The European Union will slap new sanctions on Russia for waging war against Ukraine, targeting Moscow's oil industry, more Russian banks and those responsible for disinformation, the EU's top diplomat said on Tuesday.
"We are working on the sixth package of sanctions which aims to de-SWIFT more banks, list disinformation actors and tackle oil imports," Josep Borrell, head of the foreign policy unit at the EU's executive European Commission, said in a tweet.
The latest round of sanctions would also affect Sberbank , Russia's top lender, diplomats said, adding it to several banks that have already been excluded from the SWIFT messaging system.
Borrell said the Commission's proposed measures against Russia, which attacked Ukraine by land, sea and air on Feb. 24, would be presented to the 27 EU member states for approval.
Officials said European Commission President Ursula von der Leyen is expected to spell out the proposed new sanctions on Wednesday, and that they would include a ban on imports of Russian oil by the end of this year.
Russian President Vladimir Putin put the West on notice on Tuesday that he could terminate exports and deals in response to the sanctions burden imposed by the EU and the United States.
An embargo on Russian oil would deprive Moscow of a large revenue stream, but reaching an agreement on the measure has divided countries of the bloc, which relies on Russia for 26% of its oil imports.
Hungary and Germany were among those with reservations against an oil embargo.
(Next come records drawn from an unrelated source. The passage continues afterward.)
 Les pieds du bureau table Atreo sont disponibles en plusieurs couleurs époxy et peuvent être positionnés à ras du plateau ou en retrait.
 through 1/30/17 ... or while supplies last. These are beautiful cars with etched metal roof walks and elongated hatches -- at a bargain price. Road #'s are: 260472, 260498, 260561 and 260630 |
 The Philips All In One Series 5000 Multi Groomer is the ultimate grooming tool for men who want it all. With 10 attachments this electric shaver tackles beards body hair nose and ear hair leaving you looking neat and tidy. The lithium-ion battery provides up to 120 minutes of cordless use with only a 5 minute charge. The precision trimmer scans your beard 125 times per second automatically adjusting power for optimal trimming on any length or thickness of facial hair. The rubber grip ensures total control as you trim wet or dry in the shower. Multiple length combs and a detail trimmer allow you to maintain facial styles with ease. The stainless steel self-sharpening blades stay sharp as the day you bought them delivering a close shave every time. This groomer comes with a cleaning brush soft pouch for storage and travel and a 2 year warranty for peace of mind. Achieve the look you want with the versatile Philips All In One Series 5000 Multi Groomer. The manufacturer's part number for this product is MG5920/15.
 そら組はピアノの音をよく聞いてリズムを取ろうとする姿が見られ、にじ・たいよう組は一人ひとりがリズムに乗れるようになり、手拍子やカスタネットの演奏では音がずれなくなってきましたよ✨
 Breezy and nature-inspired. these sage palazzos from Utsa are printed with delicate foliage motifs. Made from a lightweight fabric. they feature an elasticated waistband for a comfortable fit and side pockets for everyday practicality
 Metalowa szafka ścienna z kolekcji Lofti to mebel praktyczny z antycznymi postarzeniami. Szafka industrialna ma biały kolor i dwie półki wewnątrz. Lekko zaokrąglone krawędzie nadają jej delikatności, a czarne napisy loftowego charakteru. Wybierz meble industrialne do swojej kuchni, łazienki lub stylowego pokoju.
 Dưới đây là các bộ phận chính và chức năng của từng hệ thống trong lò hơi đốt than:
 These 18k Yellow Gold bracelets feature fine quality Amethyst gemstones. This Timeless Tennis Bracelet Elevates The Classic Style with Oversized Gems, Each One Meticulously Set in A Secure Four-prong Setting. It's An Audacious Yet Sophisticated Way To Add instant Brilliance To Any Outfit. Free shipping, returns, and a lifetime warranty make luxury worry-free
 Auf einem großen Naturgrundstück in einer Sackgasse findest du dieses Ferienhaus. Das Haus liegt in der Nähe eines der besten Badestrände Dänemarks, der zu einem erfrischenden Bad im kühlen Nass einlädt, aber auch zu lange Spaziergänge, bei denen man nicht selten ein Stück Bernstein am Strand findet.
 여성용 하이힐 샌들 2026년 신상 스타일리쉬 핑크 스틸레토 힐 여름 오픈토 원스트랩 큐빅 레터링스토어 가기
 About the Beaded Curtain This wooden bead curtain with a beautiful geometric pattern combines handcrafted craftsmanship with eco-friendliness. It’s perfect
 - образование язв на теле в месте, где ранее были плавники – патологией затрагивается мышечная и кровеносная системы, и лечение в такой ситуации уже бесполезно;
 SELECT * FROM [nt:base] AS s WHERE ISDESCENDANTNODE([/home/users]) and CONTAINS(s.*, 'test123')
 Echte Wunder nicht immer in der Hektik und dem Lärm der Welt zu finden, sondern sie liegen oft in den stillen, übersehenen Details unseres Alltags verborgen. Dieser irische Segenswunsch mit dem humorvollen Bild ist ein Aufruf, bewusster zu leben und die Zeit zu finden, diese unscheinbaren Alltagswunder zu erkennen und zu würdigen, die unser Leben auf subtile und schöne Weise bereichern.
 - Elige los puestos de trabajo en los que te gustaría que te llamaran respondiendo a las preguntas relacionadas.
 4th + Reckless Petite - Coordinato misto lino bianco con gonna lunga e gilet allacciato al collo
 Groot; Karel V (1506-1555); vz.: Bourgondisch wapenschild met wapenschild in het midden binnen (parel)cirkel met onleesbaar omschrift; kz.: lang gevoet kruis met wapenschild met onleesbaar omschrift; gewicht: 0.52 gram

Among their concerns was that surging energy prices would hurt EU economies already grappling with inflation.
Resistance to an oil import ban faded over the past week after an agreement came together that would offer exemptions to Slovakia and Hungary, diplomats told Reuters, citing two countries highly dependent on Russian crude.
EU countries have paid more than 47 billion euros ($47.43 billion) to Russia for gas and oil since it invaded Ukraine, according to research organisation the Centre for Research on Energy and Clean Air.